Comparison of Data that looks at correlation and absolute values

Question

I am looking for a way to compare two sets of data in order to find out how similar they are to each other.

My application: I try to compare multiple Measurement methods that both measure the sound absorption parameter of a material (Foam, wall-absorbers etc) over frequency (X Axis). The values can be between 0 and 1, so the absorption can also be described as a percentage.

One of these methods is my "reference", that produces the most "trustable" data. So if I compare another method to that reference, in order to call it "similar", the absorption coefficients of each frequency band are going to be as close to each other as possible (ideally zero difference).

The method should take into account not only the strength of the linear relationship (correlation) but also the absolute values of the data points. The problem with correlation in Excel is that the result can be 100% correlation even if the curves run parallel to each other. I only want the result to be 100% if they are exactly the same, value by value.
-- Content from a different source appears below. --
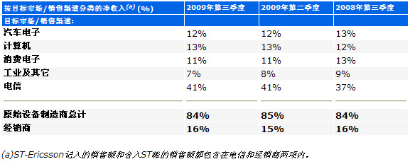 2009年第三季度意法半導體凈收入總計22.75億美元,包括并入意法半導體的ST-Ericsson的銷售收入。凈收入環比增長14%,反映了市場需求在意法半導體的所有目標市場上以及所有地區市場上恢復增長,特別是亞太地區和大中國區的市場需求更加強勁。公司在歐美市場的收入重拾升勢,反映了市場環境逐步回暖。因為商業環境不景氣,除亞太地區市場以外,在所有的目標市場和地區市場上,第二季度凈收入低于去年同期水平。

For example if my reference values of absorption over the frequency are A: 0.1, 0.2, 0.3, 0.4, 0.5, 0.6 compared to B: 0.1, 0.2, 0.3, 0.4, 0.5, 0.6 should result in a high similarity, whereas A compared to C: 0.2, 0.3, 0.4, 0.5, 0.6, 0.7 should also indicate similarity but now 100% (because these absorption values run parallel and are not entirely similar).
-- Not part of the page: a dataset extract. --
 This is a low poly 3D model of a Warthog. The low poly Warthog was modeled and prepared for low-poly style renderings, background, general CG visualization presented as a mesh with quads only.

A compared to D: 0.3, 0.4, 0.5, 0.6, 0.7, 0.8 should also result in a value that indicates similarity but less than A compared to C because A and D are more "far" away from each other.
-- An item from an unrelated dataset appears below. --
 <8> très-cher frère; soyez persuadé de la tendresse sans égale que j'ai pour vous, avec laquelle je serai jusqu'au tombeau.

Does such a method exist or can be built in any way in excel or python? So far, I found the RMSE to be close to what I need but it does not take into account the shape of my data.

Answer 1

Depending on the way you define the calculation, $R^2$ might make sense for you.

However, I would not recommend just squaring the Pearson correlation between your vectors. That retains most of the issues you see from just Pearson correlation on its own. I would calculate according to the equation I give here.

$$ R^2=1-\left(\dfrac{ \overset{N}{\underset{i=1}{\sum}}\left( y_i-x_i \right)^2 }{ \overset{N}{\underset{i=1}{\sum}}\left( y_i-\bar x \right)^2 }\right) $$

The $x_i$ are your reference values. The $y_i$ are the corresponding values from other measurement systems. The $\bar x$ is the mean of the $x_i$. $N$ is the sample size.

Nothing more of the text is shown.